# Spring Bobber (Bite Indicator)



## k2muskie (Oct 6, 2007)

Here's a link to the company of the 'Spring Bobber' we use. I've tried all other 'Spring Bobbers' before I found this one last year.

IMHO this is the top-of-the-line quality item...at least for us we're not disappointed one bit with the ones we have and all the others we had are in the trash.

They also have rods, rod holders, and jigs...in case your interested...anyway here's the link

http://www.kuhlmanent.com/index.html

:wink: :wink:


----------



## fixed blade XC-3 (Sep 11, 2007)

Thanks little tiger. :mrgreen:


----------



## Nor-tah (Dec 16, 2007)

Thats the model I run on my ice rod!! I have loved it for the big eyelet that doesnt freeze as easily. The one thing I did was clamp it on real well and then put a layer of superglue over it. so the line didnt get caught in the clamps. I dont need to take my spring bobber off my ice rod so its perfect!! They sell them at the sportsmans in Provo.


----------



## JAT83 (Sep 9, 2007)

Good to know, I'll have to try it out!


----------



## k2muskie (Oct 6, 2007)

I'm here to tell you all...yea we invested in Vexilar but having a quality Spring Bobber is key to knowing when them littel buggers have tak'n the offering...as posted above...you won't go wrong with investing in the 'Bite Indicator' and it's American Made in the 'great' state of Michigan... :wink: :wink:


----------



## REPETER (Oct 3, 2007)

Nor-tah said:


> Thats the model I run on my ice rod!! I have loved it for the big eyelet that doesnt freeze as easily. The one thing I did was clamp it on real well and then put a layer of superglue over it. so the line didnt get caught in the clamps. I dont need to take my spring bobber off my ice rod so its perfect!! They sell them at the *sportsmans in Provo*.

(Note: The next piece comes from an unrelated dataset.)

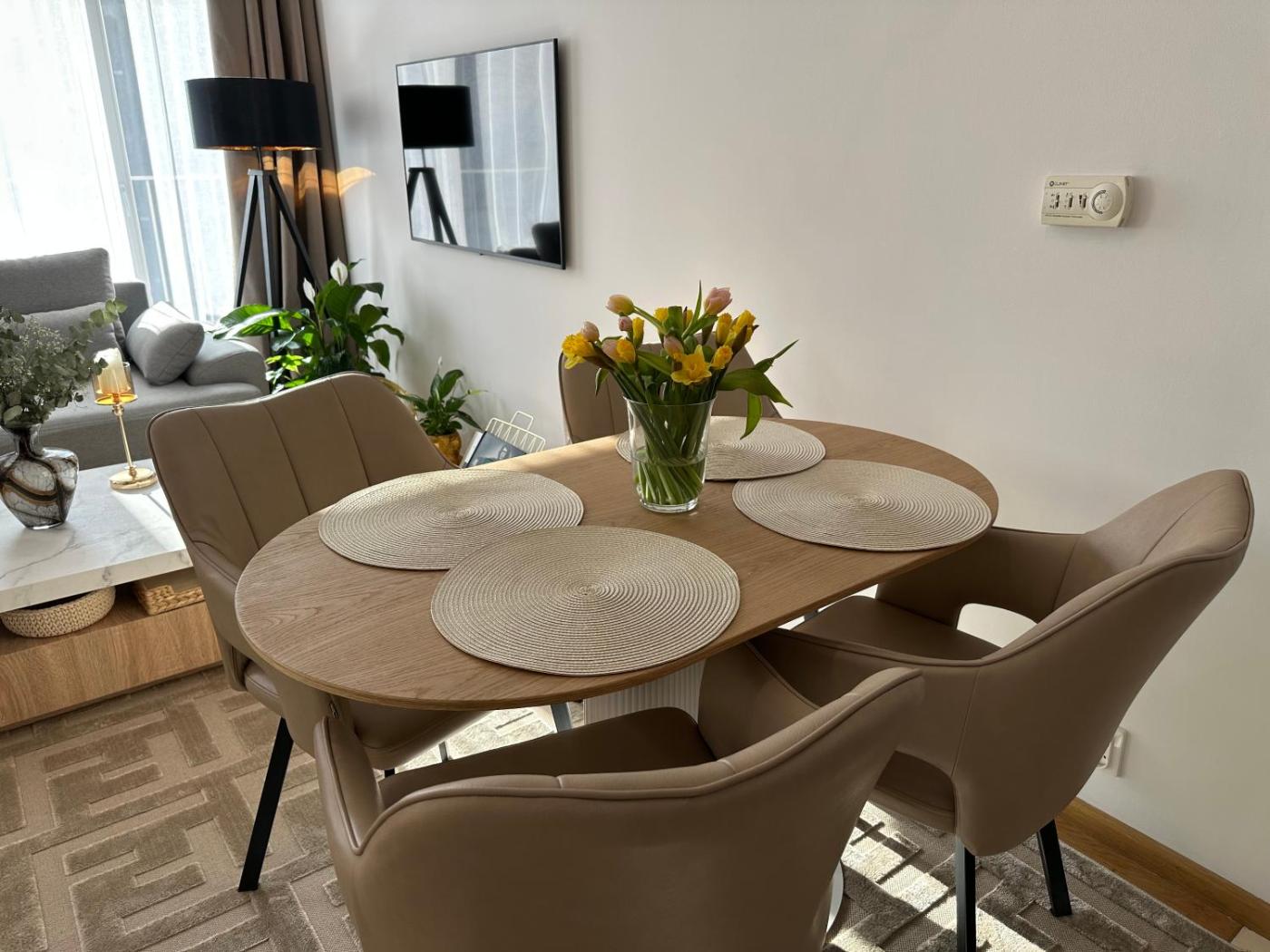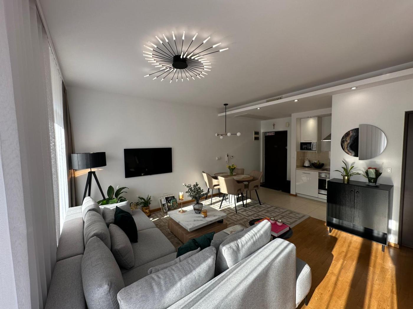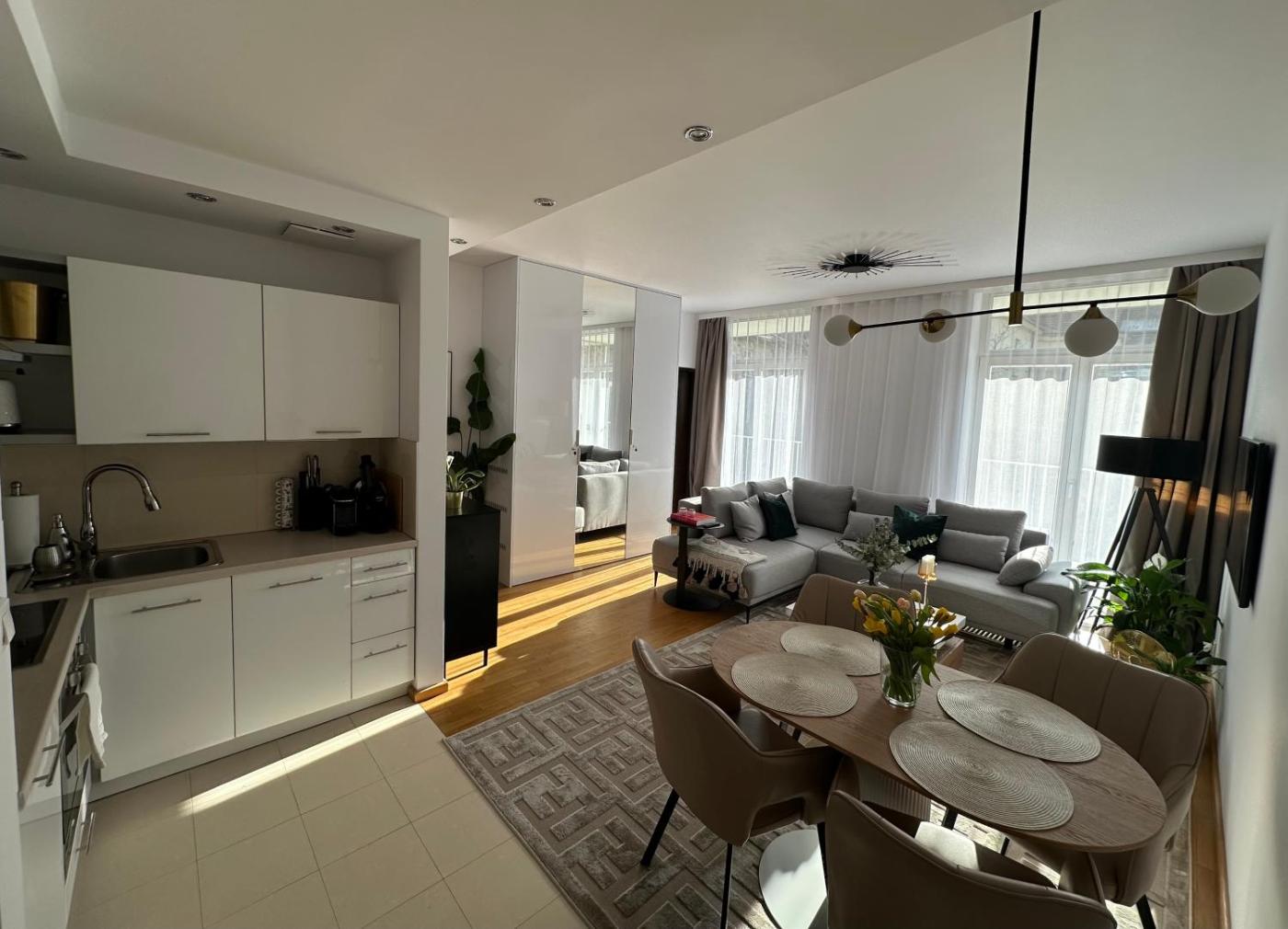 Apartament z 1 sypialnią. Meals can be prepared in the well-fitted kitchen, which comes with a stovetop, a refrigerator, a dishwasher and kitchenware. The air-conditioned apartment provides a flat-screen TV with streaming services, a washing machine, a private entrance, a tea and coffee maker as well as garden views. The unit offers 2 beds. Apartament - 4 osobowy. Powierzchnia pokoju ok.: 45 mkw.

I've never noticed them there-even when looking. Maybe I just catch them on days that supply is low, I know that happens there sometimes.


----------



## Lakecitypirate (Mar 4, 2008)

Dangit I got *****.....I got the single wire ones with a red bead. And I bought 6 packs this winter because last year I could not find them anywhere and I bent one reeling in a perch. After I reeled it in it was useless.


----------



## Huntoholic (Sep 17, 2008)

REPETER said:


> Nor-tah said:
> 
> 
> > Thats the model I run on my ice rod!! I have loved it for the big eyelet that doesnt freeze as easily. The one thing I did was clamp it on real well and then put a layer of superglue over it. so the line didnt get caught in the clamps. I dont need to take my spring bobber off my ice rod so its perfect!! They sell them at the *sportsmans in Provo*.
> ...


Sportsman in Midvale had them early in the season. They are top notch and usually the first to go.


----------



## k2muskie (Oct 6, 2007)

Huntoholic said:


> REPETER said:
> 
> 
> > Nor-tah said:
> ...


Same with SWH in Riverdale...early they have them...then no-where to be had...again IMHO if you want to catch fish on the hard deck with a very, very, very soft pan fish bite...you need an 'excellent' Bite Indicator AKA spring bobber. Watch'n the rod tip...well doesn't cut it. Again when it comes to another dirty little word 'patience' I ran through that line...however when it comes to fish'n I want to catch fish...and this lil jewel is well worth the money...PRICELESS especially on the 'hard deck'. :wink: :wink:


----------